Голос Лиса тут же стал резким и сухим — точь-в точь как голос Сида, когда он был чем-то рассержен:
— Значит, мы ее понесем. Нельзя терять ни минуты! Здесь полным-полно коридоров, настоящий лабиринт, и я понятия не имею, кто еще в нем может прятаться.
Тут он заметил босые ступни Эрнеста, покрытые засохшими ссадинами:
— Teufel! Verdammter bastard!.. (Дьявол! Блядский выродок!) Он еще и обуви вас лишил!.. А я, кретин несчастный, даже не подумал об этом!
— Лис!..
— Тихо! Помоги-ка мне с ней, быстро, я должен добраться до рюкзака!
Преодолев слабое сопротивление Мирей, Эрнест осторожно принял ее из рук Исаака, и, точно ребенка, стал отвлекать разговором; он несколько раз спросил, понимает ли она, что им предстоит настоящий побег, и что придется еще немного потерпеть, а самое главное — вести себя тихо-тихо, и делать все, что скажет месье Кадош. Несчастная женщина заверила его, что все понимает, и очень постарается быть послушной и создавать как можно меньше проблем своим спасителям, и тут же взмолилась:
— Только, пожалуйста, пожалуйста, Эрни, Соломон, не оставляйте меня, не бросайте здесь одну!.. Умоляю, не уходите без меня!.. я не могу… я не выдержу… Меня растерзают!.. Я не хочу умирать здесь одна… не хочу!..

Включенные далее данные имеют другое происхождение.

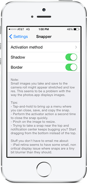 Once you have installed the tweak, you need to go to the stock Setting app to view its preference. For you to activate and use this tweak, the tweak needs assign an activator gesture. Click on the “Activation Method” and choose from the list of gestures which best suits you. Other options are available as to whether to include a “Shadow” and “Border”, again you can select/deselect them as you like. Once all the settings have been configured, its time to take some snapshots.

В душном воздухе подземелья опять соткался призрак истерики — опасный призрак, поскольку любой лишний шум мог привлечь стражей — и Эрнесту не осталось ничего иного, как запечатать женский рот поцелуем. Губы Мирей были горькими от желчи, дыхание почему-то отдавало нашатырем, (2) и вся она пахла мужским потом, засохшей спермой и страхом… Это не отвратило ее товарища по несчастью: Эрнест сознавал, что после всех перенесенных тягот заключения и сам отнюдь не благоухает, так что он только крепче обнял мадемуазель Бокаж, и радовался, чувствуя, как успокаивается дыхание и теплеет кожа женщины.
Прежде чем достать из рюкзака запасные носки, призванные хоть немного уберечь ноги Эрнеста во время ходьбы по камням, Исаак предусмотрительно передвинул тяжелую скамью и подпер ею дверь мрачного карцера. Теперь, если кто-то из тюремщиков вздумает проверить узников, ему придется потратить силы и время, чтобы войти, и у них в любом случае будет фора. Каждую лишнюю минуту стоило ценить на вес золота: им предстояло пробираться к спасительному колодцу по длинному темному коридору, узкому и тесному, и пройти этот путь втроем будет куда сложнее, чем в одиночку…
К счастью, нужный предмет одежды нашелся очень быстро — как будто сам прыгнул в руку, нетерпеливо шарившую в недрах рюкзака, и Лис торжествующе воскликнул:
— Ага, вот и они!.. Нет, Торнадо, стой где стоишь, держи Мирей, я сам тебе помогу…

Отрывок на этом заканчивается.